One cricket has been steadily chirping since yesterday. He reminds me of one of my cockatiels, who goes into these long arias of sound and then suddenly stops. This one noisy cricket climbs to the top of the coconut shell that is Chilly-Billy's boudior, looks down at the others, and chirps. Antennae vibrate back and forth, so you really have to wonder if they're communicating about something. It's like those movies of revolutions when one guy stands on a platform exhorting the crowd to insurrection or riot. Crickets are not smart enough to unite their forces in this manner but I'll let you know if that changes.

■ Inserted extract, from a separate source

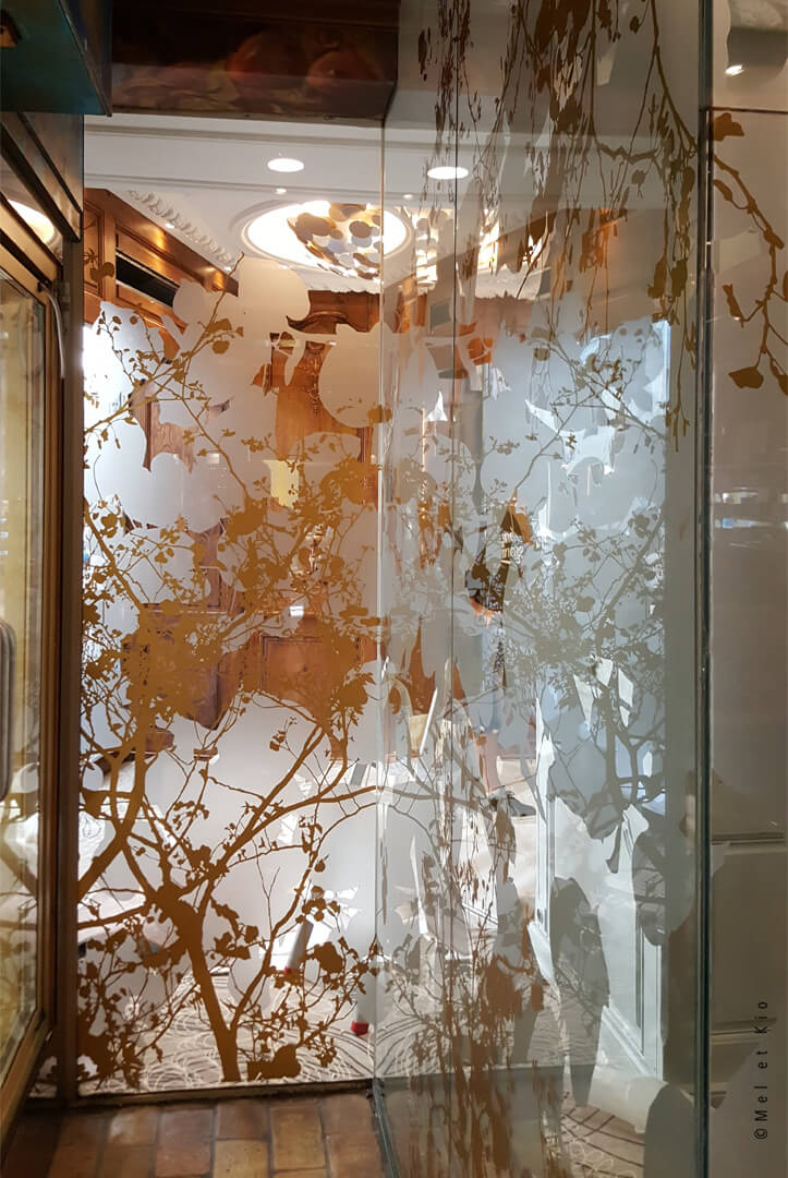 Adhésif monochrome or et adhésif dépoli sur vitres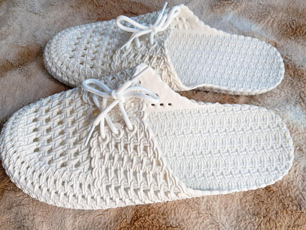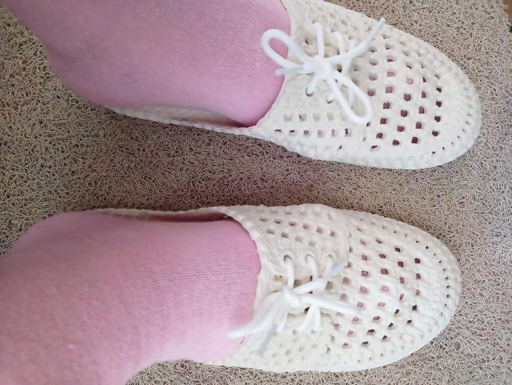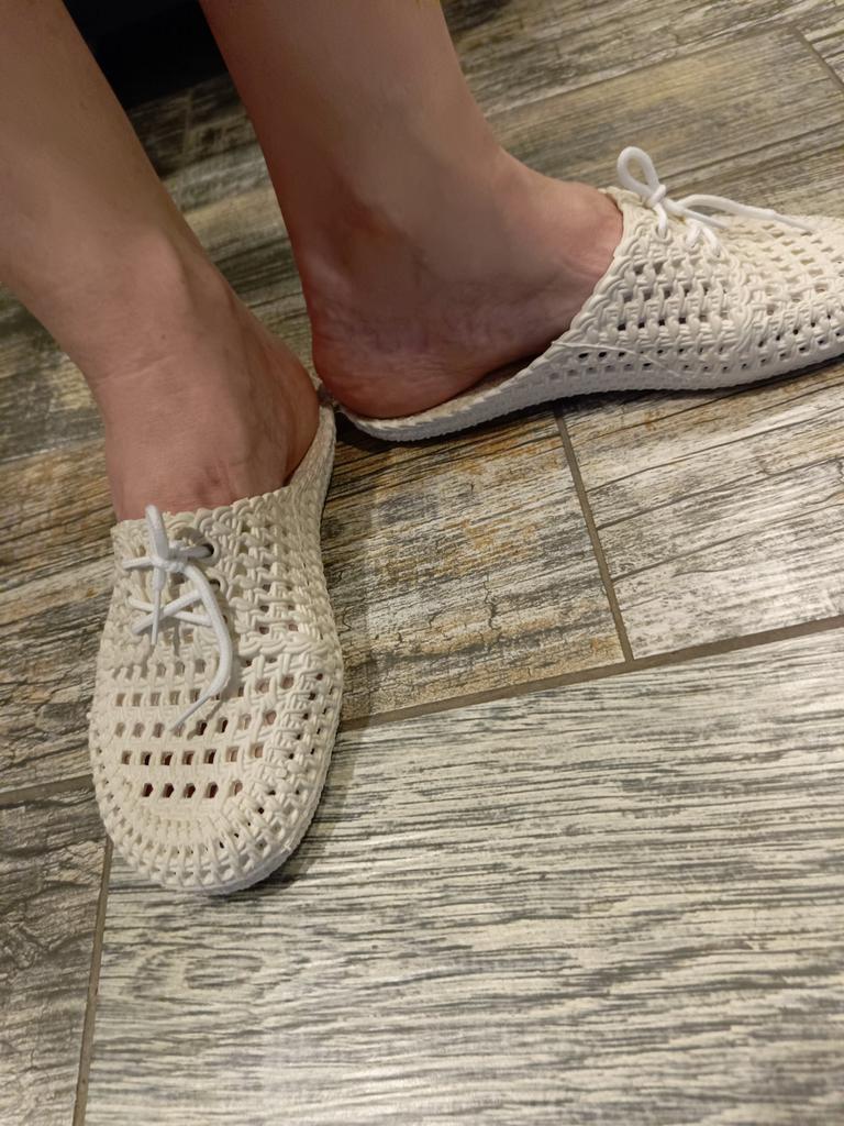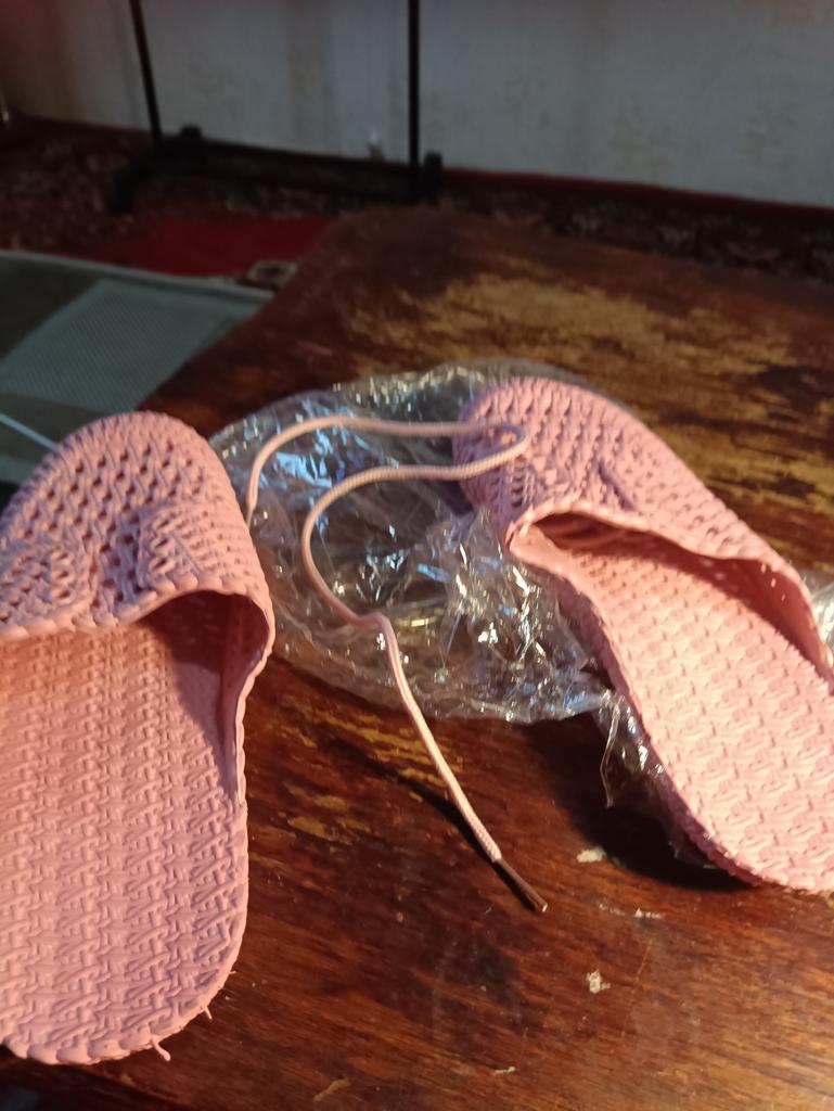 Gummi-Flip-Flops. Weich. Meine Größe ist 37,5. Ein bisschen groß, wie ich wollte. Im Loch.

Meanwhile, Chilly-Billy doesn't seem to mind the noise and sleeps right through it. If it were me, though, I'd eat that particular cricket first.

Tuesday, August 7, 2007

just dogs

I've always lived with assorted animals, except for a brief aberration when I was a college student and it was better not to have pets because who knew what time you'd get home (or how many days later)? Most animals like routine; they like to know what's going to happen when, especially if you're talking breakfast. They like to know where things are and they like those things to stay put, except for their toys, which they want to be free to throw around the house. Which brings me to the current chaos.

I'm packing to move from Portland back to Seattle, where I'm from, and the dogs watch me constantly because they're not sure what's going on. A human running around the house, moving things from one place to another and swearing, generally means vacation time when the dogs either come along in the car or go to doggie camp. They're Airedales, outgoing types who enjoy camp. But the running around and swearing just keeps happening without anyone getting out the door with a suitcase. So they watch. And they follow my every step, which they do by walking in front of me and stopping every couple of steps before glancing back. I believe that's a general dog trait--following you by walking in front. It makes things more difficult, especially if you're carrying something and have a certain momentum going and there are two dogs milling around you and a box in front of them and a table over to the right.

Every time I move, which has been much too often the past seven years, I accumulate bruises. That's about as close as I'll come to being a kid again.